The exchange is the latest development in a standoff that Kaul says could harm the state’s standing in a multi-state lawsuit that he sought to brief the committee on yesterday. Meanwhile Nygren and fellow JFC Co-chair Alberta Darling, R-River Hills, have accused the AG of seeking to undermine a law passed during the December lame-duck session giving the Legislative oversight of proposed settlements reached by DOJ.

It also all comes against a backdrop of a request from GOP legislative leaders for the state Supreme Court to weigh in on the extraordinary session law after Kaul has indicated he doesn’t believe it impacts certain cases that come before the Department of Justice.

JFC called a hearing yesterday to review a proposed settlement and took the rare — if not unprecedented — step of going to closed session to discuss the details. Kaul wanted committee members to sign the nondisclosure agreements before sharing information on the proposed settlement, but members refused. He also warned there is a Friday deadline for the state to take action on the proposed settlement.

Among other things, Republicans complained the request was rushed with Sen. Luther Olsen, R-Ripon, asking why members hadn’t seen the confidentiality agreement well in advance of the hearing.

Kaul then followed up with a letter to all committee members detailing communications with Darling and Nygren going back to March 1 that sought to reach an agreement on how the DOJ and JFC would approach proposed settlements.
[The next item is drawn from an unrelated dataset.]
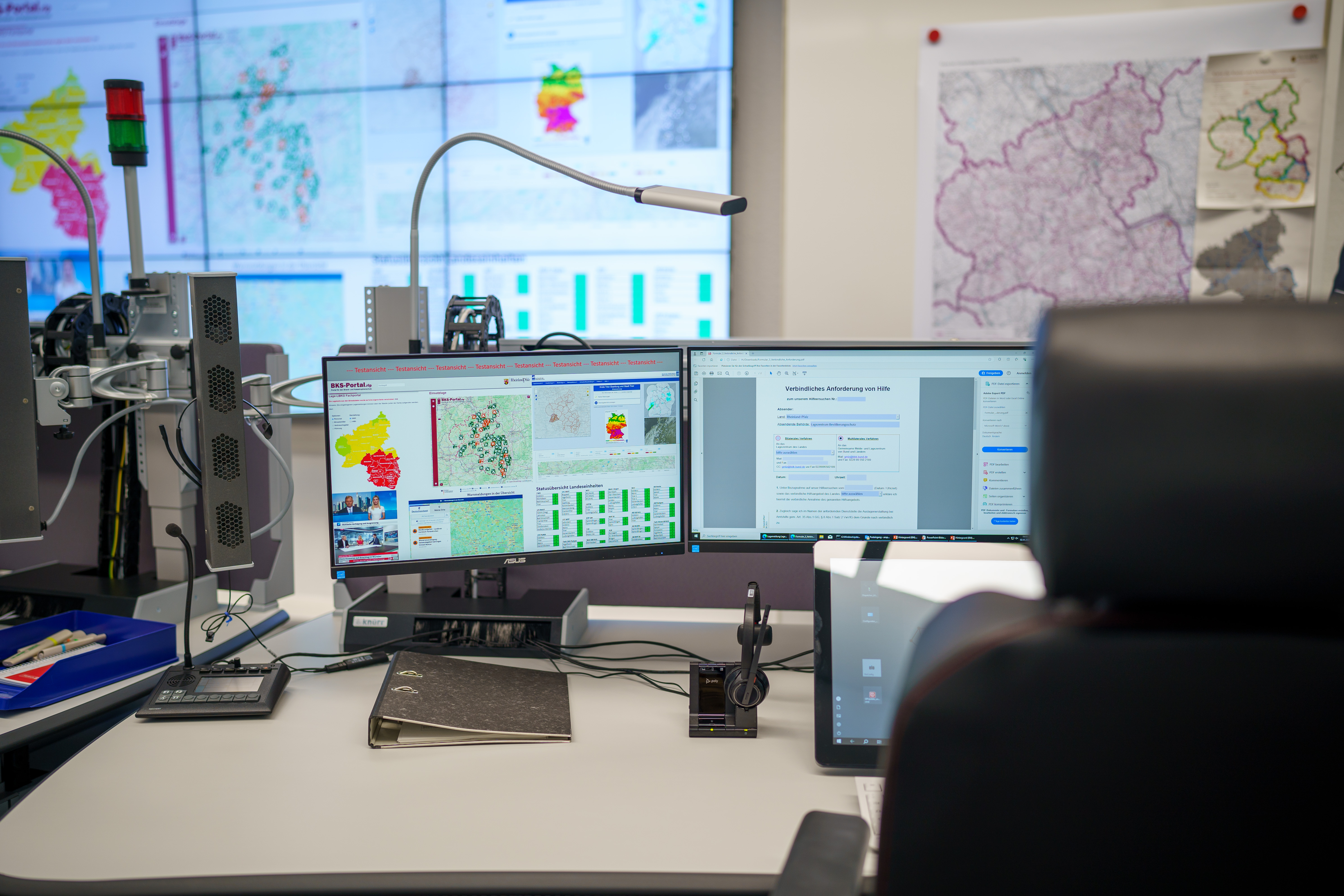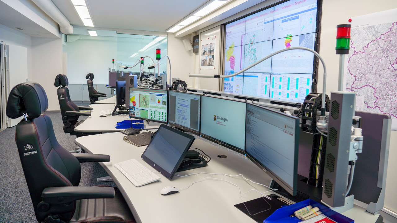 Im Rahmen des Unterzeichnungstermins machten sich Ebling und Tiesler auch ein Bild von den als Stabräumen bei Großschadenslagen nutzbaren Räumlichkeiten sowie von der Baustelle des Lagezentrums. Dabei informierten sie sich über die beispielhaften Abläufe anhand des Beispielszenarios einer sehr großen Waldbrandlage.

The communications include a series of sharp disagreements over the law, as well as proposals to create a working process for JFC to review settlements.
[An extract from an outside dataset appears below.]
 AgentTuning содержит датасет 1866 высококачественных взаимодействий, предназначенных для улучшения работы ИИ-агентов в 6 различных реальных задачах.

They also included a July 12 letter in which the co-chairs wrote, “We understand your desire to keep proposed settlements confidential. We are open to signing a confidentiality agreement even though we are under no obligation to do so.”

That letter included the co-chairs’ suggestion for a confidentiality agreement.

The co-chairs said after yesterday’s hearing that they told DOJ what is shared in closed sessions of legislative committees is confidential and sufficient to protect the ability to negotiate settlements.

Darling again stressed that in a statement last night, saying “Closed session is confidential, and members of both parties have raised concerns with being required to sign a confidentiality agreement.”

Dem members said yesterday they didn’t want to sign the agreements because they preferred to simply let Kaul handle the settlement as the agency had operated prior to the December changes Republicans made.

In Kaul’s letter yesterday, meeting in closed session wasn’t enough of a safeguard because a Wisconsin court decision indicated material shared in a closed session doesn’t have to be kept confidential.

“Considering confidential information and keeping that information confidential is part and parcel of the review of settlements,” Kaul wrote. “And if the information discussed in closed session will in fact be kept confidential, signing the agreement will confirm that it must be kept confidential.”